Education requires work, and educational attainment must be earned--it can not be wrapped up in brightly wrapped packagess, and served up on a silver platter.

[Portion removed.]


Posted by You deserve this!
a resident of Another Palo Alto neighborhood
on Aug 27, 2013 at 6:51 pm

And thank you to our new PR person, who has finally fixed the August 13 press release (its led, not lead). It proves someone is reading paloaltoonline.com. Is that what you are being paid $150,000 for? You have not shown that you are worth it. That money could have paid for two teachers to focus on underperforming students who are not excelling in the PAUSD system. What's worth more? This PR person or two teachers. Let Skelly read paloaltoonline.com on his own time. Not the best district by any metric.


Posted by hot type
a resident of Another Palo Alto neighborhood
on Aug 27, 2013 at 9:02 pm

@you deserve: It's "lede" not "led," as it was when I worked on the copy desk of "The Wall Street Journal" in the 1950s.


Posted by You deserve this!
a resident of Another Palo Alto neighborhood
on Aug 27, 2013 at 9:59 pm

The part that I wrote about not being as special as you thought, well, your reference to your work on the WSJ is what I was referring to. Also, I wasn't referring to the lede or lead paragraph. Don't waste your time trying to figure out your error. Focus more on working together to throw these bums out. They are truly that bad.


Posted by Sue
a resident of Barron Park
on Aug 27, 2013 at 10:40 pm

There aren't "underserved" youth but there are certainly underperforming students. Define "underserved" please. Does this refer to average middle-of-the-road kids who aren't genius (or genii)? Or to the socially inept? Those from households not in top income brackets? Maybe kids who'd rather learn carpentry than trig? Kids testing at "below average" learning ability?

It's beyond the capacity or purpose of schools to equalize all factors & produce uniform results in all students. Parents have responsibility to see that their students show up for class, do assigned work, and follow basic rules for appropriate classroom & campus behavior.

It's also a mistake for parents to insist on their kids being placed in courses which, based on previous grades & test scores, are likely to be above the capacity of their students. Are the kids who are trying unsuccessfully to compete above their abilities
considered "underserved" if they aren't successful?


Posted by Catalan
a resident of Old Palo Alto
on Aug 28, 2013 at 7:17 am

The school board's priorities are to identify a problem, then drop it forever. Certainly take no action or responsibility.
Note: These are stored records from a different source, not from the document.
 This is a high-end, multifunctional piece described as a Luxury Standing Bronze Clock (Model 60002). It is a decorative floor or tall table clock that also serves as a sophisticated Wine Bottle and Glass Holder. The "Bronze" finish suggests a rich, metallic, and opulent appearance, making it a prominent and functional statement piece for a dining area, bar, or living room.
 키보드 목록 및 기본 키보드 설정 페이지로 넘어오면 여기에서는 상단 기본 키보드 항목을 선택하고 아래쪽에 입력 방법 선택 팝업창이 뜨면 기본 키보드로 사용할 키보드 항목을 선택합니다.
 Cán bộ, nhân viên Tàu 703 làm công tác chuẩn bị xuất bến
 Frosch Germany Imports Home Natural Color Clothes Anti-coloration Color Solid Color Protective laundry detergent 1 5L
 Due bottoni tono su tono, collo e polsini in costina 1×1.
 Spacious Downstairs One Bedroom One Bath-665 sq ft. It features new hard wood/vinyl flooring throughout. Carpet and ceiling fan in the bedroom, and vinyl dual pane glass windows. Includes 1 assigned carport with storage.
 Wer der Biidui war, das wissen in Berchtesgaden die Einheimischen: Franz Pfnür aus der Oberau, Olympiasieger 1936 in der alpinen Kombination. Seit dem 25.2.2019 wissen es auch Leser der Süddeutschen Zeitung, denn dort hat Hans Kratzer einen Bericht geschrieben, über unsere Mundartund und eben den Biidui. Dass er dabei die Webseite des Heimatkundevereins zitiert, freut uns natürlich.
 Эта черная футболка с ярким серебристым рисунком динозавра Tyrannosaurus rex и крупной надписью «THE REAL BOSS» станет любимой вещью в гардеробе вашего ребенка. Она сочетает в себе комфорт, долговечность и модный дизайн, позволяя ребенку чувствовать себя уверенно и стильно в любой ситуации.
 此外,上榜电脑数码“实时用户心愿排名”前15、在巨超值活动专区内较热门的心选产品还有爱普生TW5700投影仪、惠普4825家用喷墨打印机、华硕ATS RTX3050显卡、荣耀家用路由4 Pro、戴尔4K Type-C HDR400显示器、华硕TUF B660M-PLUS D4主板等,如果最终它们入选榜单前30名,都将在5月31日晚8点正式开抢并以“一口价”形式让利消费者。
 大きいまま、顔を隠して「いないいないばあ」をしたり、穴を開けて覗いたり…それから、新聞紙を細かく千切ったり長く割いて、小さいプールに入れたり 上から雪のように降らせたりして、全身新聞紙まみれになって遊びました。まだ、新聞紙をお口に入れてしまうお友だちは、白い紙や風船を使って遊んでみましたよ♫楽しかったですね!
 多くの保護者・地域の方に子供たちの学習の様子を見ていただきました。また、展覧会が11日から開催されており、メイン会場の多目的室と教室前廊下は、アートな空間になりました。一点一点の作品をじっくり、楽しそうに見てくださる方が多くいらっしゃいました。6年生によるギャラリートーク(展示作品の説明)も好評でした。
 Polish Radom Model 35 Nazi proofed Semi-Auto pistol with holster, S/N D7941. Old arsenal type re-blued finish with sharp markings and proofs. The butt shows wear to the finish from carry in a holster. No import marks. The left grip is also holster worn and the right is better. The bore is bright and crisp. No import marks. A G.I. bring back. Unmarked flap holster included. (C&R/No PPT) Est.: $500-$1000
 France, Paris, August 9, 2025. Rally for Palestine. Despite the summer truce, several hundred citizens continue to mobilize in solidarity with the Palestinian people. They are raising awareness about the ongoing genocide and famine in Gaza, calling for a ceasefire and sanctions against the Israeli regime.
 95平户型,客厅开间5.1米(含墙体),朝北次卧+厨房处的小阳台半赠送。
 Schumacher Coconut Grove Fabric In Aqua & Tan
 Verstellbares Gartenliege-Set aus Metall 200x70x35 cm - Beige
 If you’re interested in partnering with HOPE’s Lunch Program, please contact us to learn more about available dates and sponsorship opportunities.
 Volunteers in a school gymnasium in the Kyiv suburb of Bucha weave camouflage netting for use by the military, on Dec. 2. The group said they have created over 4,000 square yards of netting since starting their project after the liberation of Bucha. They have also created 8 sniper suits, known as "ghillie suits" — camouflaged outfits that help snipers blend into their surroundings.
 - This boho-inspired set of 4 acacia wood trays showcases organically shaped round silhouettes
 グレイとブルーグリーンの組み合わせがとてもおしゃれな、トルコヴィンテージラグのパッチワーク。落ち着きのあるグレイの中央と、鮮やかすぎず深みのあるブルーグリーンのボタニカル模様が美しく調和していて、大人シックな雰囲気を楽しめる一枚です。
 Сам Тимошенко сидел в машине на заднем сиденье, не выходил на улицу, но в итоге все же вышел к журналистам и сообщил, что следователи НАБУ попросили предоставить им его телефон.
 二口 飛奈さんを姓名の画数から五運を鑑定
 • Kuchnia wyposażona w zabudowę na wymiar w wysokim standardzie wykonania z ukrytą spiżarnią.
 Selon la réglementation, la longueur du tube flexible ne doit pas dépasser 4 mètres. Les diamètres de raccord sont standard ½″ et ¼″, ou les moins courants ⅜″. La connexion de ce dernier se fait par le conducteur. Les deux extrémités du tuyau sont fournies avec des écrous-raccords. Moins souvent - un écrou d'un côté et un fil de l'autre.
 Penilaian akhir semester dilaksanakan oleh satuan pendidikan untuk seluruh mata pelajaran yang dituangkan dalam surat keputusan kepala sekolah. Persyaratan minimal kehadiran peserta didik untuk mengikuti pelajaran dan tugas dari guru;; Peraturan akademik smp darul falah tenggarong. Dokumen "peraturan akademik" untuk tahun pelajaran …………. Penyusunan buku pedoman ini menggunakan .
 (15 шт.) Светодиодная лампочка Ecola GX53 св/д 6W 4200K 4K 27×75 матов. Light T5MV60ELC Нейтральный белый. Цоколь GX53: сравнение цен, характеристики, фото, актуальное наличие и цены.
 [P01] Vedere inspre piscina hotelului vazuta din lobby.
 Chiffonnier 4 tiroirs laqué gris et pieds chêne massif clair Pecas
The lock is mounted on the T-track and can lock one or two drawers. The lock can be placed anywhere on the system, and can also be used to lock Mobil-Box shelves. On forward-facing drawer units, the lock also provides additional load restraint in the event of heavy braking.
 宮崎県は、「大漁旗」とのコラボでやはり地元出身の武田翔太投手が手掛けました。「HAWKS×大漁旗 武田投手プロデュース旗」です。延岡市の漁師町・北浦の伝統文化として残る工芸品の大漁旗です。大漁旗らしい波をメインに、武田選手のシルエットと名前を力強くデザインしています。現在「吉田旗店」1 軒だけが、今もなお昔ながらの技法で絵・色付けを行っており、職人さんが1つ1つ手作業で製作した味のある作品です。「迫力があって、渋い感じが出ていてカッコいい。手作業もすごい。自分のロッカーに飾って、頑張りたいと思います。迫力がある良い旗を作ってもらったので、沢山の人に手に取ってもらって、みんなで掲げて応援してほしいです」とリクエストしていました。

This is the worst school board ever, and I have lived in Palo Alto most of my life!


Posted by Paly Parent
a resident of Old Palo Alto
on Aug 28, 2013 at 1:17 pm

It is amusing when people post "dysfunctional" when they really mean "won't accept my policies." Perhaps the School Board is very effective, just implementing a different policy from yours?


Posted by Brownie
a resident of Charleston Gardens
on Aug 28, 2013 at 5:32 pm

The school board is doing a heckuva job.